__EXERCISE__
Copied exactly and without pictures, the lines from the beginning of the entries through the one that holds "そして立件については、安倍派" should form the entire reply.

__DATA PROVIDED__
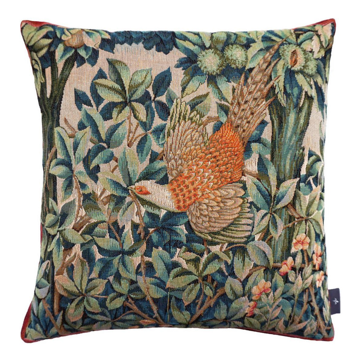 A Pheasant in the Forest Jacquard Tapestry Pillow. Pillow is inspired by the works of William Morris
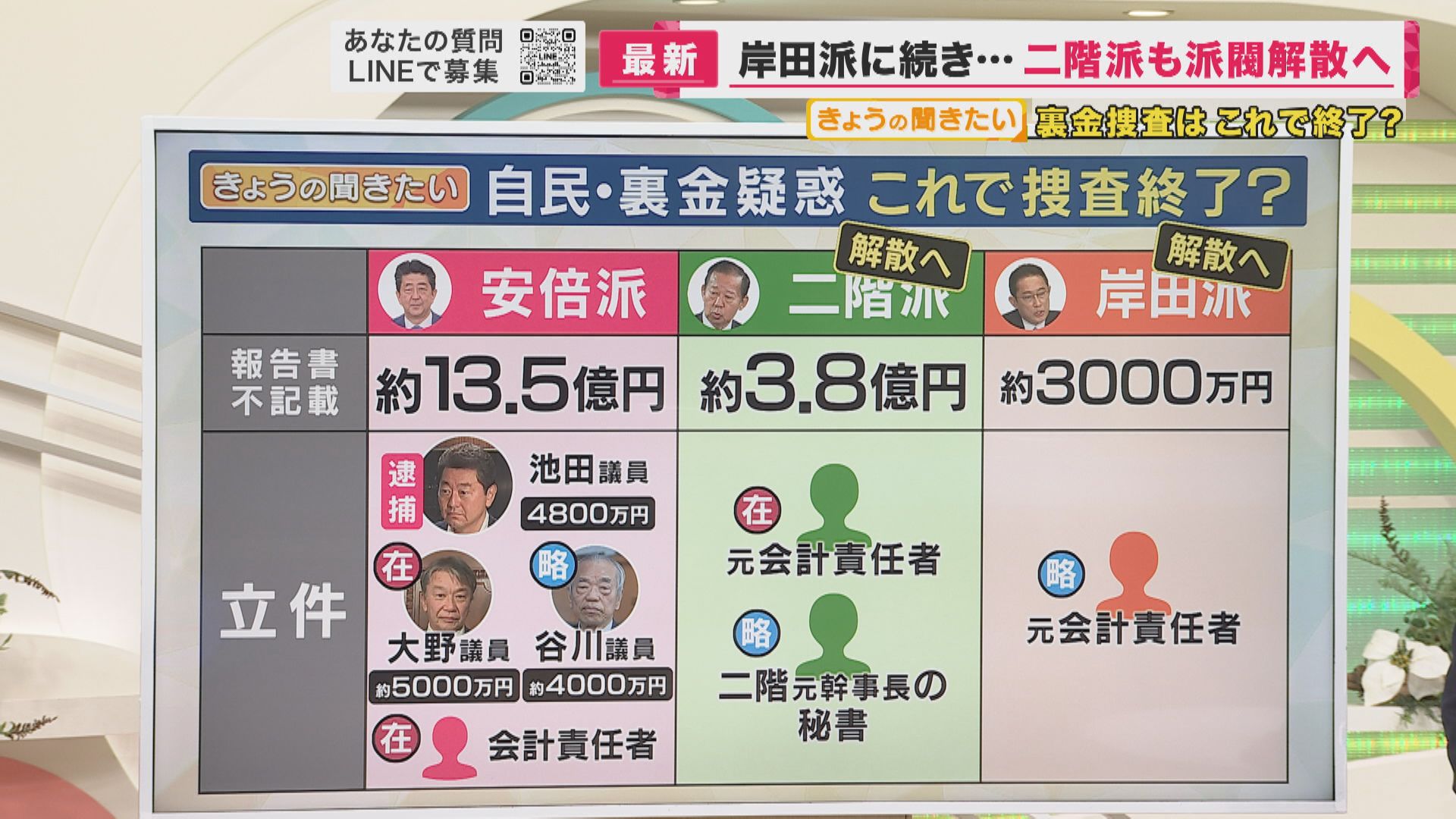 そして立件については、安倍派からは、3人の国会議員と会計責任者が逮捕・起訴され、そして二階派では元会計責任者と二階元幹事長の秘書が起訴されています。岸田派では元会計責任者が起訴されました。
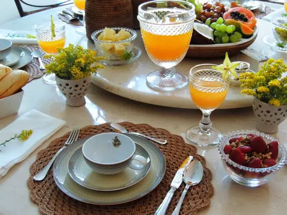 O café da manhã é algo primordial para começarmos o dia com pé direito, cheio de frutas, pãezinhos, sucos ou aquele indispensável cafezinho com leite, tomar café antes de sair para escola ou emprego te dará um gás a mais para aguentar a correria da manhã. Para que o café da manha seja, especial é necessário deixar a mesa posta com classe sim, não adianta nada ter quitutes maravilhosos se estão distribuídos de qualquer maneira sobre a mesa.
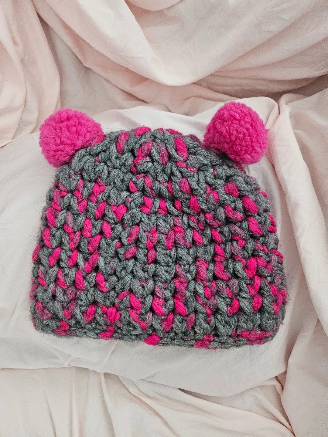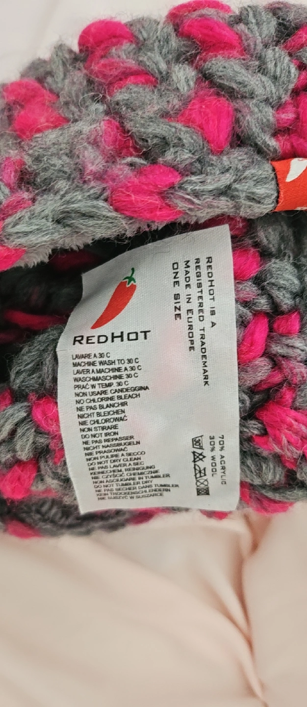 Keep your head warm with this Redhot knit beanie! It's a blend of 30% wool and 70% acrylic, perfect for those chilly days. The beanie is one size and features a stylish grey and pink colour combination. It's in great condition and ready for a new home
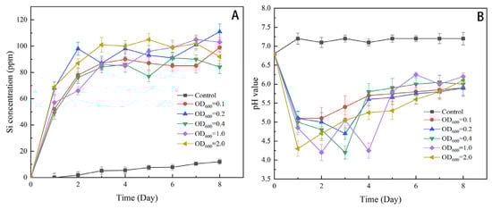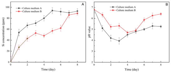 - Guo, Y.; Teng, Q.; Yang, Z.; Sun, B.; Liu, S. Investigation on bio-desilication process of fly ash based on a self-screened strain of Bacillus amyloliquefaciens and its metabolites. J. Biotechnol. 2021, 341, 146–154. [Google Scholar] [CrossRef] [PubMed]
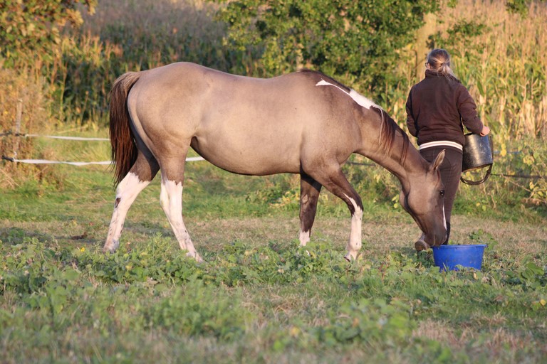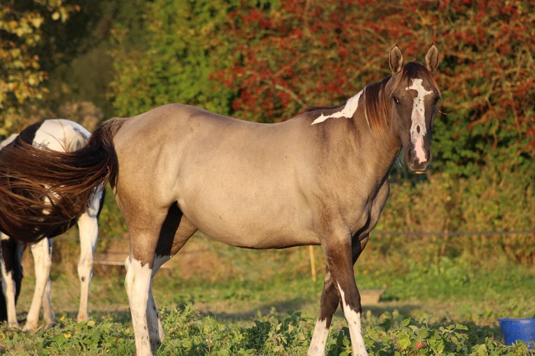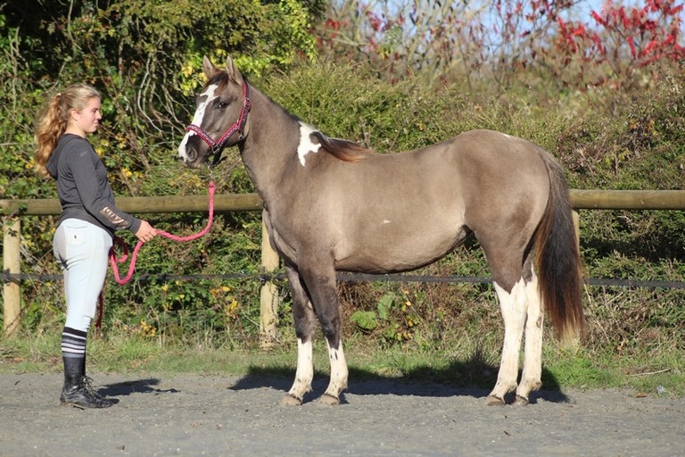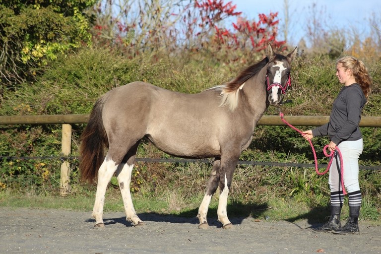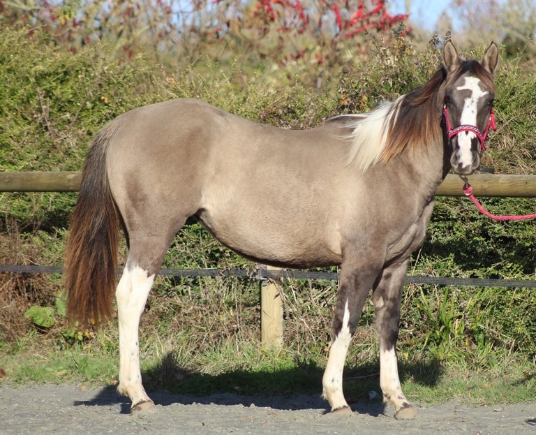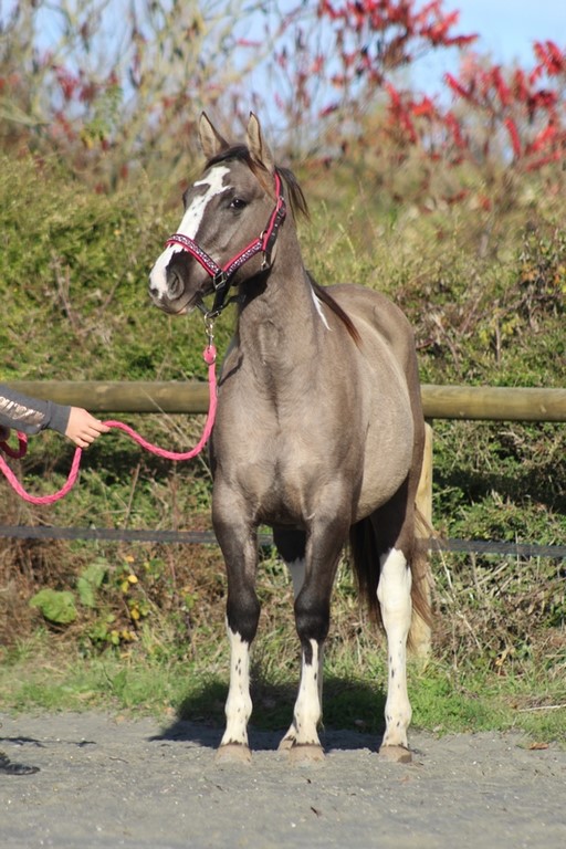 Pepper est une belle pouliche grullo tobiano, bien manipulée gentille et proche de l'homme. Sera assez grande (autour d'1m55) et porteuse. Très belle robe silver grullo. Idéale pour loisirs ou élevage, bonnes origines parents importés du Canada et des USA!

__EXPECTED ANSWER__
 A Pheasant in the Forest Jacquard Tapestry Pillow. Pillow is inspired by the works of William Morris
 そして立件については、安倍派からは、3人の国会議員と会計責任者が逮捕・起訴され、そして二階派では元会計責任者と二階元幹事長の秘書が起訴されています。岸田派では元会計責任者が起訴されました。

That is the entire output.